As centrais hídricas, localizadas na bacia hidrográfica do rio Douro, totalizam 1.689 megawatts (MW) de capacidade instalada, segundo a informação divulgada.

Numa nota posterior, o consórcio adiantou que a Engie “enquanto a empresa do sector do consórcio, operará, manterá os activos e prestará os serviços de gestão de energia”.

“A aquisição destes activos é fundamental para a implementação da estratégia de carbono zero da Engie, aportando uma capacidade renovável flexível, que complementa o portefólio ibérico da Engie em energia eólica onshore (1,1 GW) e solar (50 MW), a maioria já em parceria com a Mirova”, lê-se na mesma nota.

Além disso, a Engie “garante um nível significativo de produção renovável despachável, sobretudo com as centrais de albufeira com bombagem, o que permitirá assegurar o fornecimento de electricidade verde ao seu actual e futuro portefólio de clientes corporativos, através de Contratos de Aquisição de Energia (CAE)”.

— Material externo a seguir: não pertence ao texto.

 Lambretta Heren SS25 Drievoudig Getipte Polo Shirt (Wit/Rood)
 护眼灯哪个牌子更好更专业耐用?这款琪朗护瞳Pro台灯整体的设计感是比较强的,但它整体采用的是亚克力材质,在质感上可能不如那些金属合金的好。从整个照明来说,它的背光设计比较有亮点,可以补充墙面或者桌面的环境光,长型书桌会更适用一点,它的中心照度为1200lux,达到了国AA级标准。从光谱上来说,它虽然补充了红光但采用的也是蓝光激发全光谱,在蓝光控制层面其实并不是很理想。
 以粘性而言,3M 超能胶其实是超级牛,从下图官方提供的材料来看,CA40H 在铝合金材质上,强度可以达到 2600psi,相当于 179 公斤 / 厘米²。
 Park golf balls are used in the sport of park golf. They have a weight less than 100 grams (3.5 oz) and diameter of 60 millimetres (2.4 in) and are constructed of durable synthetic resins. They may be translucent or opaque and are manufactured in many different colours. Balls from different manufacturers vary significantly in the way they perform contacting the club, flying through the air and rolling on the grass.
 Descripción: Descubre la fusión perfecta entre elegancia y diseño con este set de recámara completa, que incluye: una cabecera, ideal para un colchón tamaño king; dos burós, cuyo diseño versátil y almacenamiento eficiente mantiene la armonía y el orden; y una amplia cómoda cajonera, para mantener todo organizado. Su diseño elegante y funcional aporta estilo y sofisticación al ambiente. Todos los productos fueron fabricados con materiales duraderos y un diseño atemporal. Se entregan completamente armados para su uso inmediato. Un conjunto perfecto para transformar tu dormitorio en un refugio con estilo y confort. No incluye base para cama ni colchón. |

Esta operação deverá ter “um impacto de cerca de 650 milhões de euros no endividamento líquido” da empresa, que acredita que a “conclusão da operação está prevista para o segundo semestre de 2020”.

Por sua vez, o Crédit Agricole Assurances, “primeira seguradora em França, reforça o seu compromisso com a transição energética, totalmente em linha com a estratégia climática do grupo”.

A compra “prolonga um relacionamento de longa data entre a Mirova e a Engie, desenvolvido nos últimos anos principalmente através da parceria em vários projectos de energia eólica e solar na Europa”, de acordo com o comunicado.